Photo of the Metropolitan Community Church from the ‘Our Heroes’ exhibit. (Photo by Kevin Kenner; courtesy Kenner)

“Our Heroes,” a community-donated photography exhibit that chronicles the HIV/AIDS history in the District, opens at the Martin Luther King Jr. Memorial Library (901 G St., N.W.) Monday and runs through Jan. 5.

Our Heroes has been a work in progress since 2002. Nine photographers, all of whom are D.C. residents, have documented notable people and places in D.C.’s HIV/AIDS history. The all-black and white photos were displayed in 2006 in a collection of 150 photos. Now, with new pieces added, the collection totals 205 photographs. Biographies accompany the photographs and are all written in first person. It’s as if the people are speaking directly to the visitor and adds a personal connection of past to present. Organizers say it’s the only photography exhibit of its kind in the United States.

Lead organizer Wallace Corbett, a gay man who has been HIV positive since 1989, says “Our Heroes” aims to archive the HIV/AIDS journey by showing the people whose stories are being told and the places at which these monumental events took place. The variety of the photos makes for a diverse history lesson.

“We took the time to document a very long and meticulous journey,” Corbett says. “Some of the pictures are very emotional, some are self-explanatory and some are artistic. The District should be proud that they can go back 50 years from now and understand its journey and who was apart of it, especially for black culture.”

Corbett says his favorite photograph in the exhibit is of a man pushing his dead lover’s body in a coffin over the fence of the White House during the Reagan administration. Along the edges of the photo stand men wearing latex gloves who are afraid to touch the body.

“It was that man’s way of saying to the president this is what is happening in your backyard,” Corbett says. “If you can’t come to the funeral, we will bring the funeral to you.”

Lead photographer Kevin Kenner, also a gay man who is HIV positive, says the photographs were not all easy to come by. Historical photographs of those who had passed away had to be acquired from family members. There was a verification process to confirm the people had contributed to the city’s history in some way.

Some photographs were damaged and had to be replaced. Other photographs were difficult to take such as the one of Enik Alley Coffeehouse, once located on I Street. Since the coffeehouse was out of business and those who had frequented it were long gone, the iconic space that once welcomed LGBT music and literature icons like Essex Hemphill and Michelle Parkerson had been lost.

Kenner hopes the exhibit can serve as a reminder of Washington’s past and help young people shape a different future. He’s saddened that some of the people he met and photographed are no longer here. He says his own HIV experience and those of others has taught him to stop living recklessly. He wants to teach young people to be safer about their decisions.

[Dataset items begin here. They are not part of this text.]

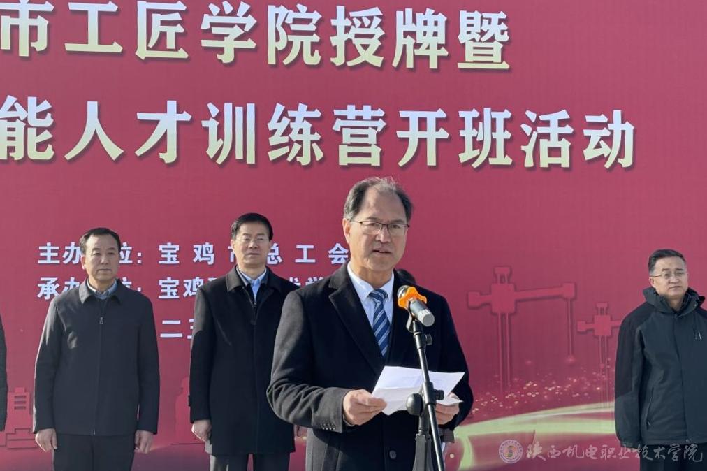 2月26日,宝鸡市工匠学院授牌暨工匠高技能人才训练营开班活动在宝鸡职业技术学院举行。今年会党委书记伊逊智出席活动,校企合作处处长白娟娟陪同参加。活动由市总工会党组副书记、常务副主席庞欣主持。
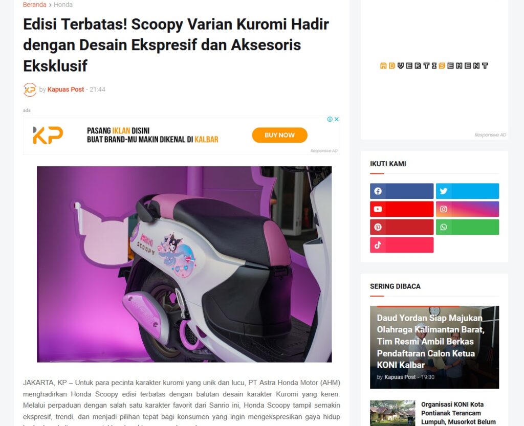 Edisi Terbatas! Scoopy Varian Kuromi Hadir dengan Desain Ekspresif dan Aksesoris Eksklusif by Muhammad Arif 18 November 2025 in Silahkan kunjungi https://www.kapuaspost.web.id/2025/11/edisi-terbatas-scoopy-varian-kuromi.html. Tags: astra Astra Motor kalbar Astra Motor Pontianak astramotor honda kalbar pontianak sepeda motor You Might Like Regional Public Launching New ADV160 The SUV Pride Grand Launching New PCX 160 Truly Exceptional! Tetap hati-hati ya bro sist berkendara saat hujan.
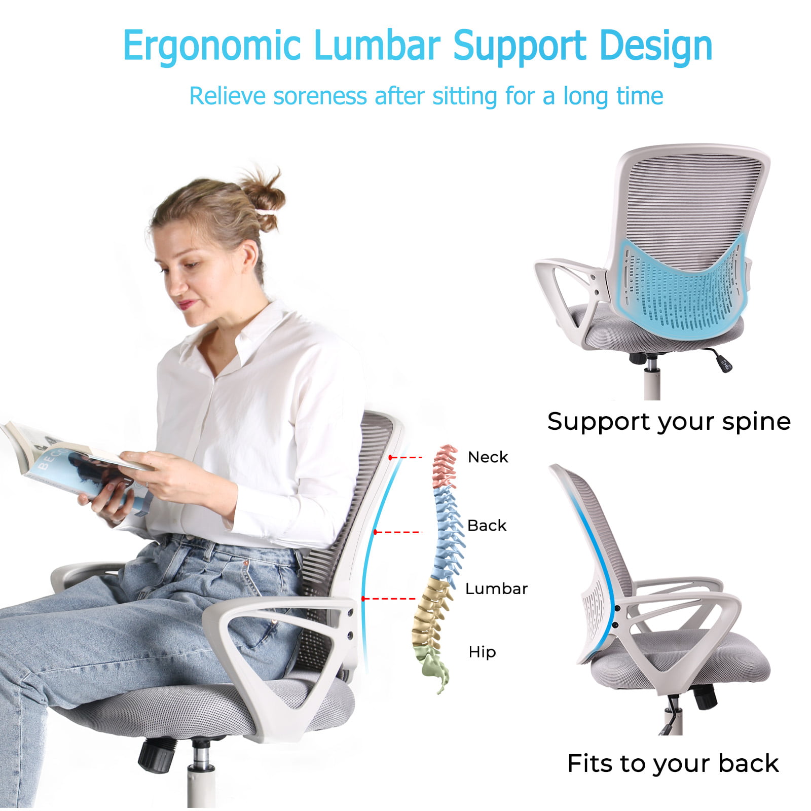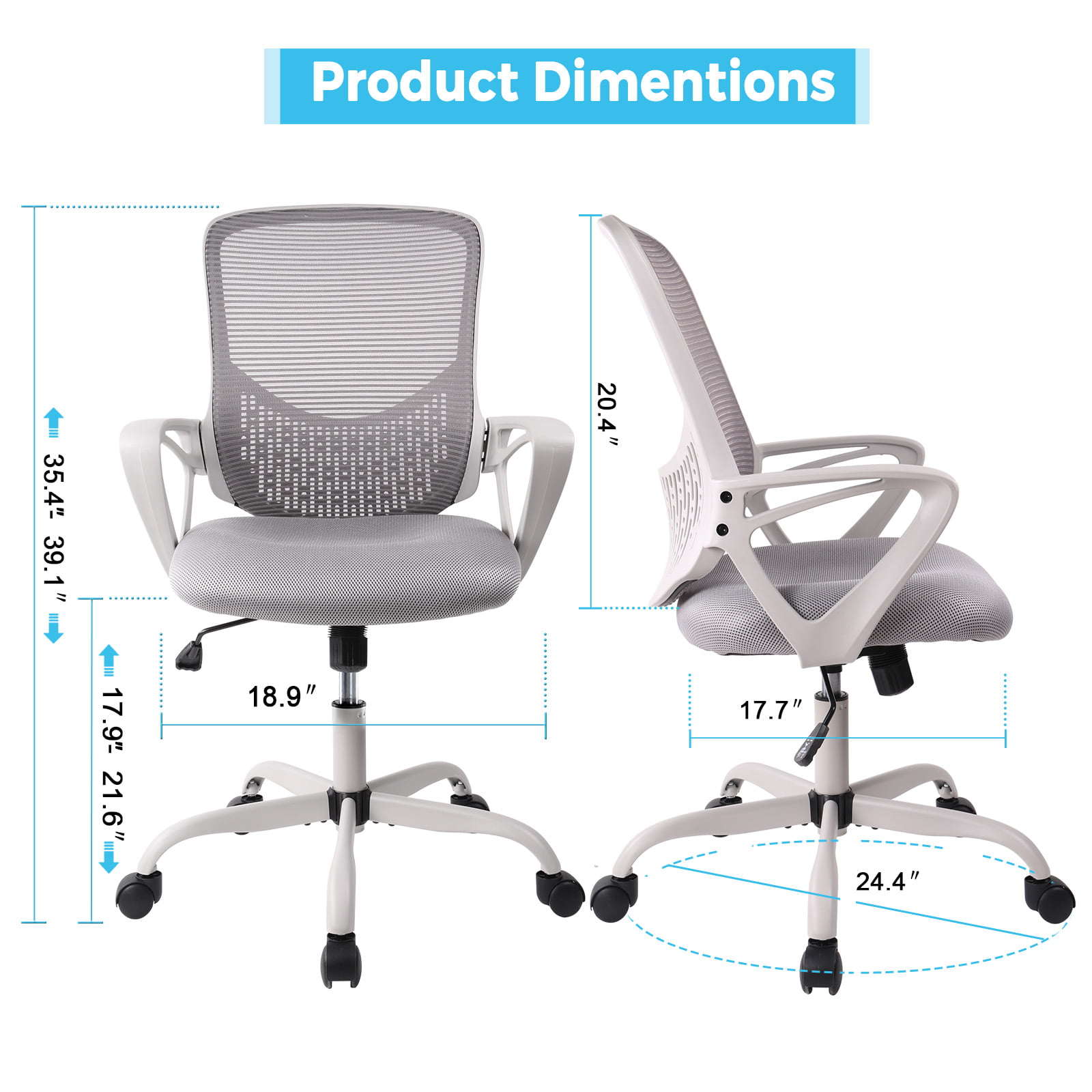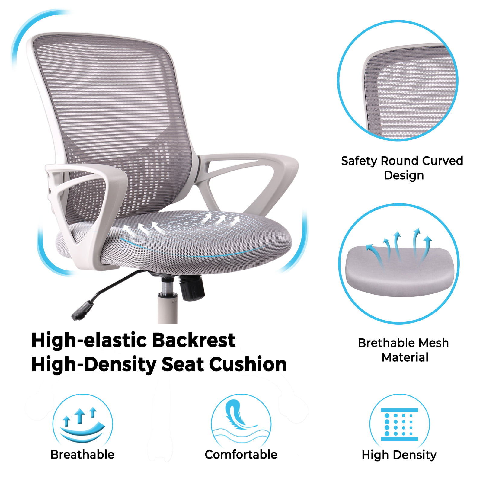 Yangming Office Chair. Mid Back Mesh Computer Chair Adjustable Swivel Desk Chair with Lumbar Support. Gray
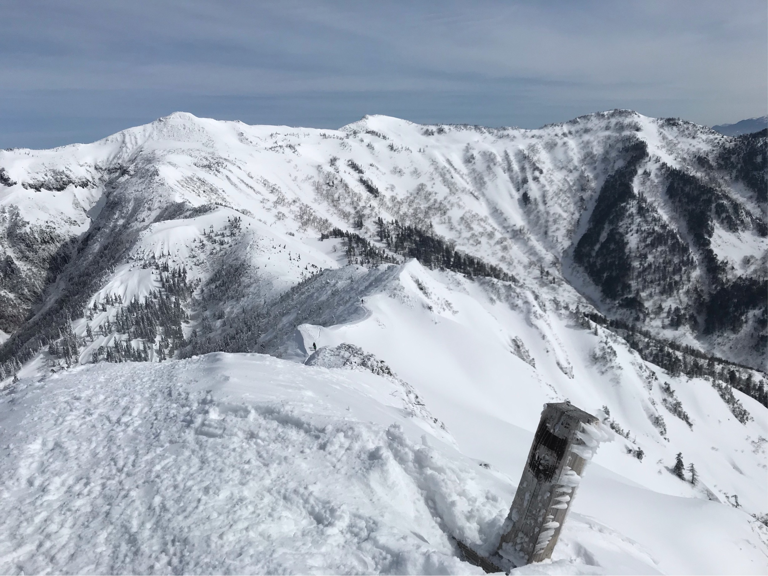 スキー場トップから歩き出す。初っ端の急登を越えると、目の前に剣ケ峰山が現れた。この山を越えて行く。
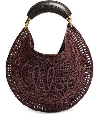Elevate Chloé's Summer Banana bag - a stunning blend of elegance and function. Hand-carried or worn on the shoulder, this basket-style accessory features a magnetic closure, visible topstitching, and an engraved logo. Its gold finish, single compartment, thin strap, and single handle complete the modern look.
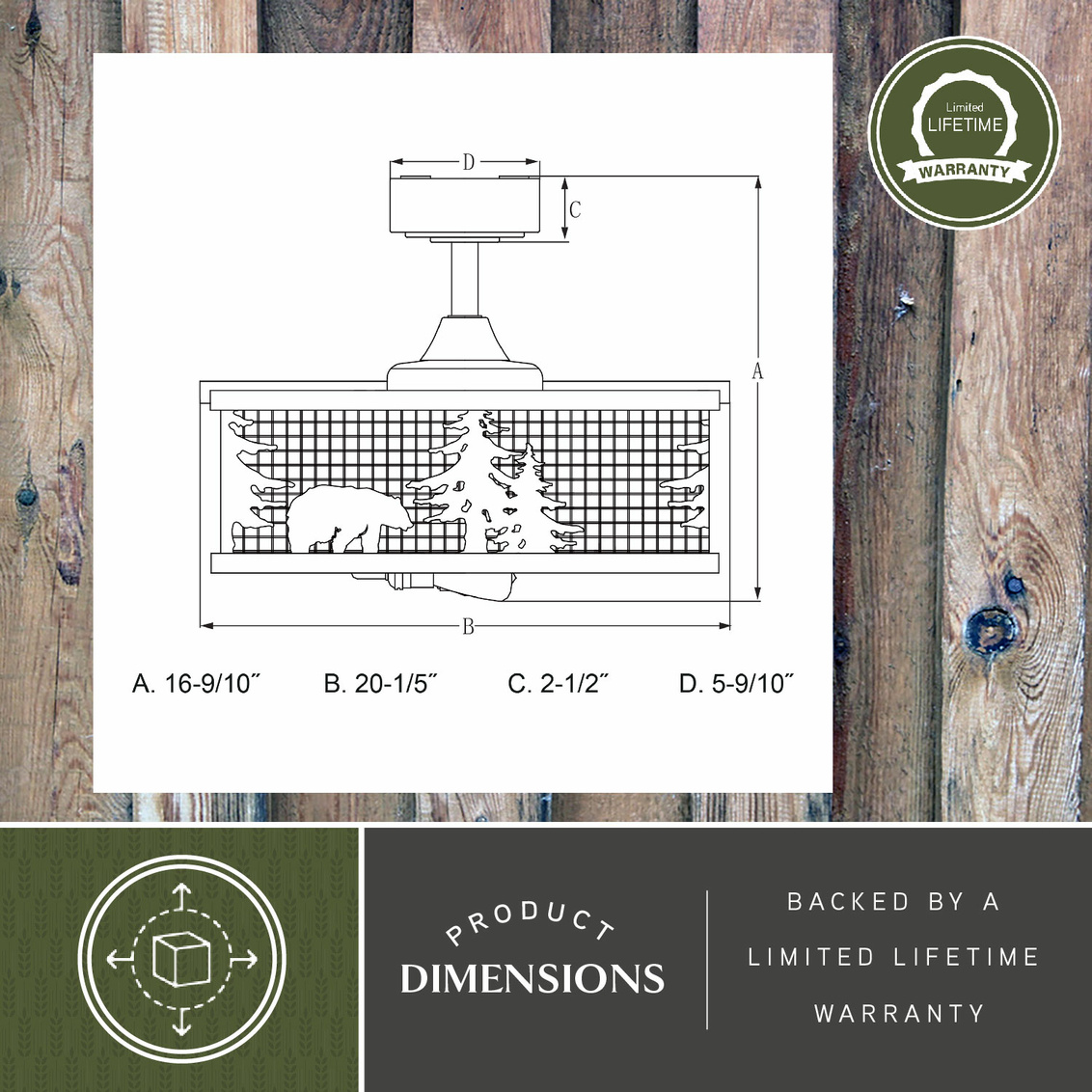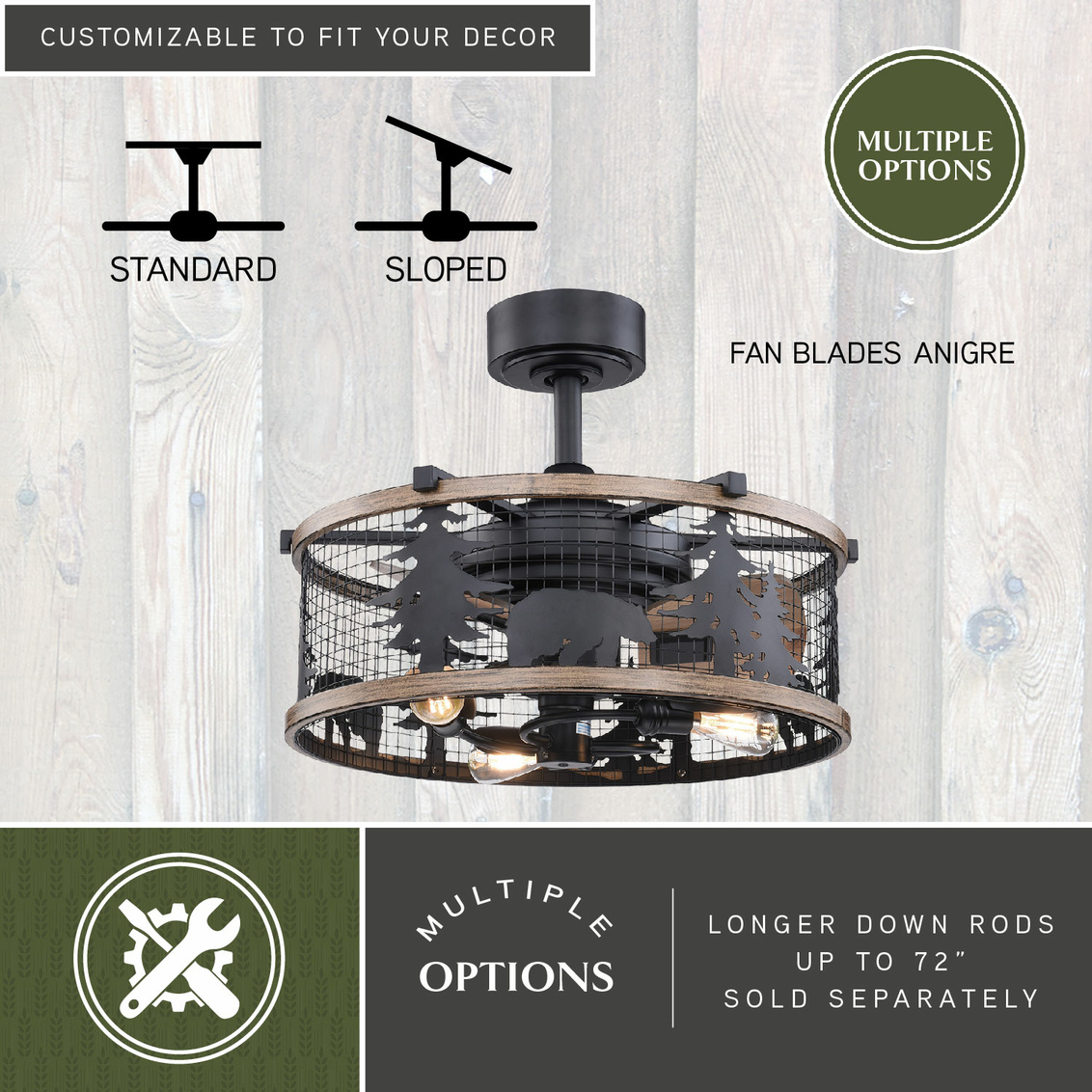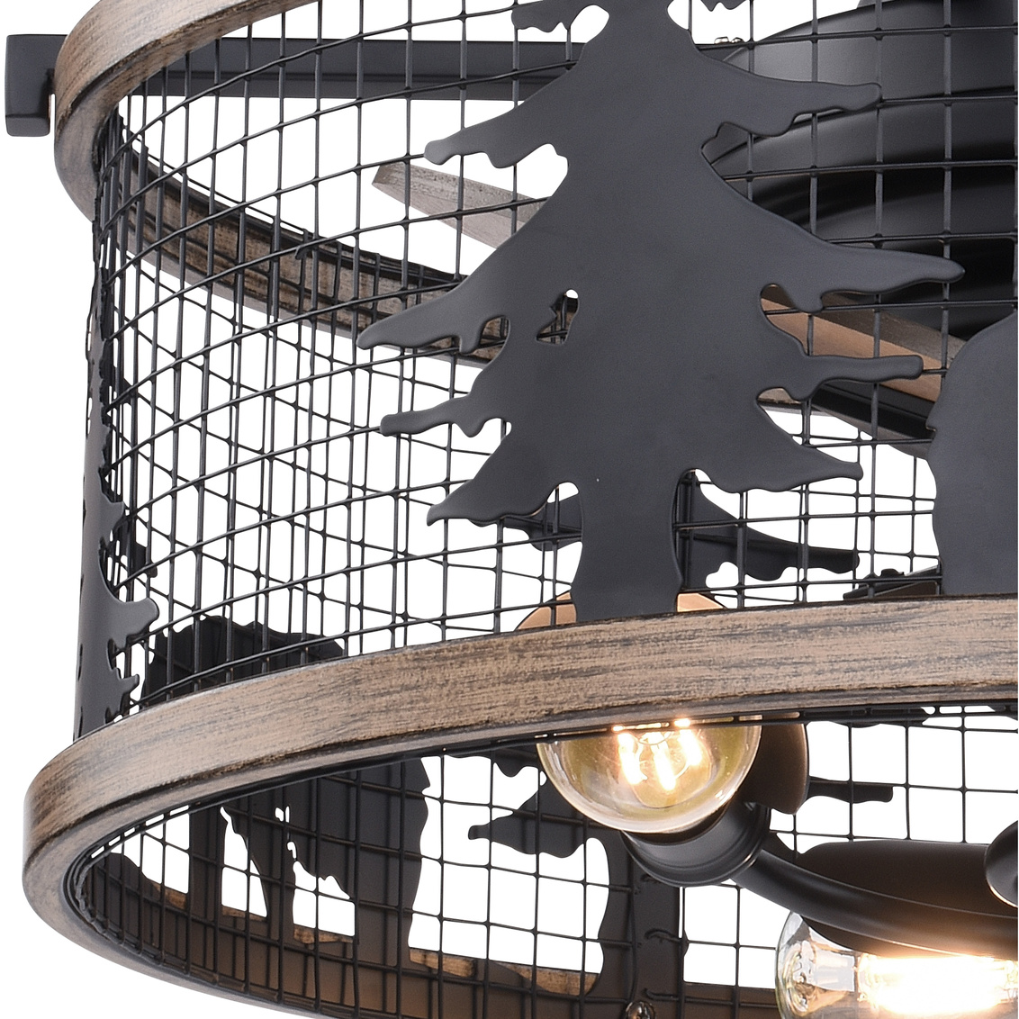 Get wild with this indoor-outdoor drum style fan called Kodiak. The pairing of the black and burnished teak finishes enhance the on-trend metal cage perfectly. Capture your love of nature with pine tree and bear silhouettes. It is a great choice for a vacation lodge, cabin or suburban home and will complement a variety of home styles: anywhere you want to bring an element of nature. An LED light source provides energy saving, low maintenance and long-lasting performance. Combine that with vintage Edison style filament bulbs to complete the look. Rated for damp locations, ideal for your covered porch, family room, or any other area of your home.
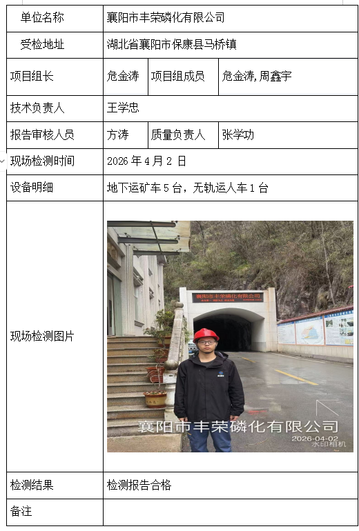 襄阳市丰荣磷化有限公司2026/04/082026年检测检验项目 00 上一篇: 湖北恒顺矿业有限责任公司下一篇: 武钢资源集团大冶铁矿有限公司 相关推荐 吉安市青原区茶家山采石场(普通合伙) 2026/04/09 3 查看全文 阳新县宏达矿业有限责任公司 2026/04/08 1 查看全文 湖北兴发化工集团股份有限公司兴-神磷矿瓦屋矿区IV矿段 2026/04/08 1 查看全文 湖北冯家山矿业有限责任公司 2026/04/08 3 查看全文 您好!请登录 点击取消回复 称呼: 邮箱: 点击这里取消回复。
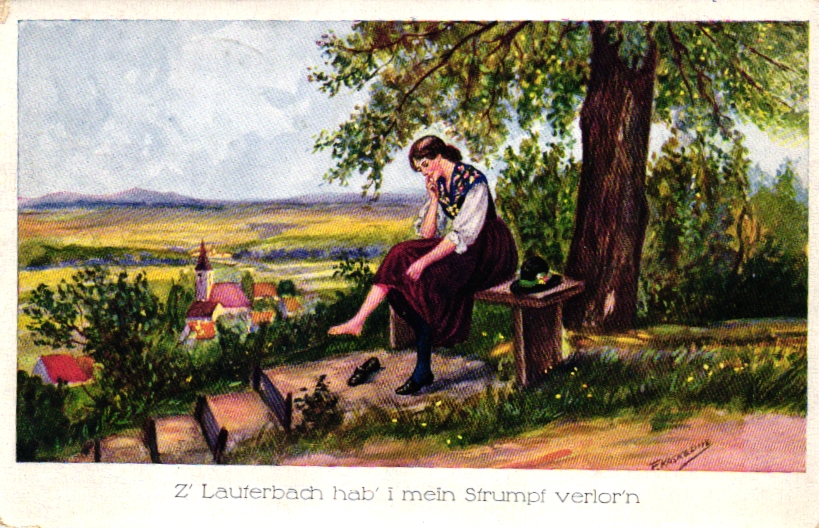 Lauterbach / Oberhessen, „Z`Lauterbach hab i mein Strumpf verlor`n“, ca. 20er Jahre, postalisch gelaufen, Briefmarke entfernt, rückseitig kleine Papierschürfstelle, etwas eckbestossen, leichte Altersspuren, jedoch sammelwürdige Erhaltung.
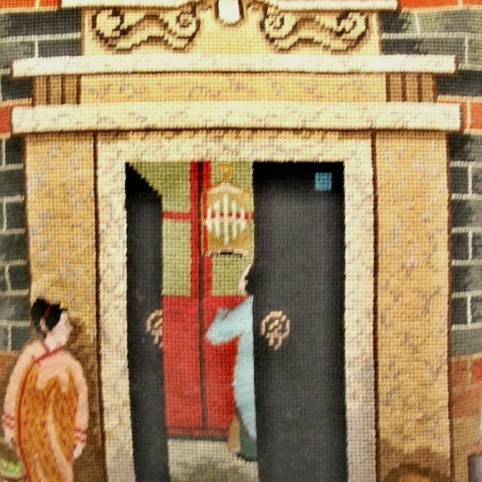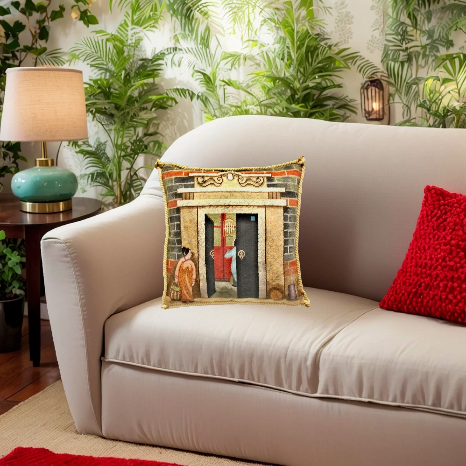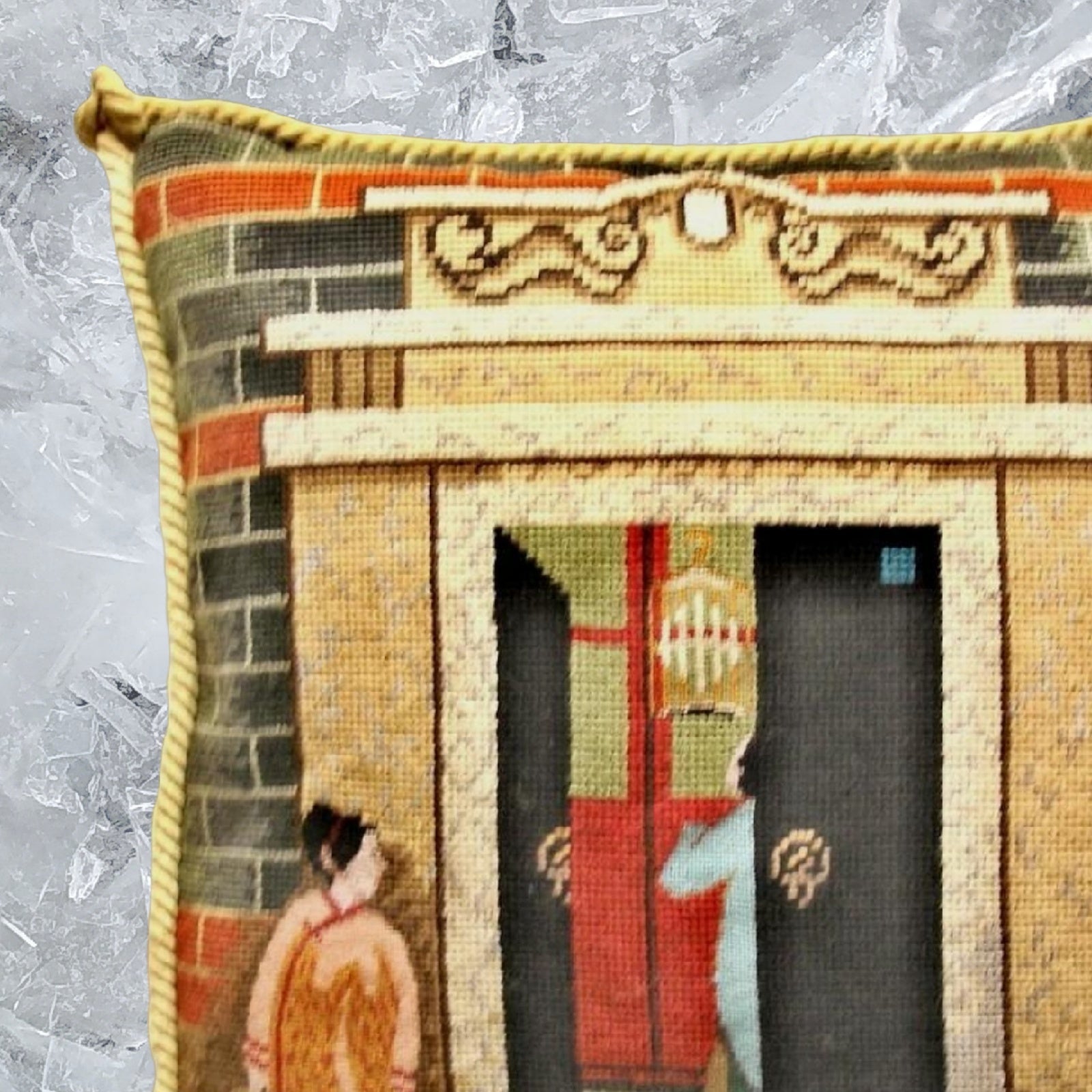 Handmade Wool Needlepoint Pillow Cover - Decorative Throw Cushion Cover - Vintage Floral Embroidery Design Shanghai ShiKuMen with cording

“The journey has come a long way but still the HIV/AIDS rate is so high,” Kenner says. “I see a lot of young people acting unsafe and uncaring about their life. If you’re going to do things that are not safe than you have to be an adult and deal with the consequences that come about. We need to teach young people to be safe and hopefully people will be aware this journey is still going on and hasn’t ended.”

The exhibit will be displayed on the lower level of the library. After its run, the library will permanently own the exhibit.

“Most people have footsteps in the sand and don’t understand the importance of the footprints until the water washes over them,” Corbett says. “This way those footprints are still there and we won’t forget where we’ve been and we can hopefully see where we’re going.”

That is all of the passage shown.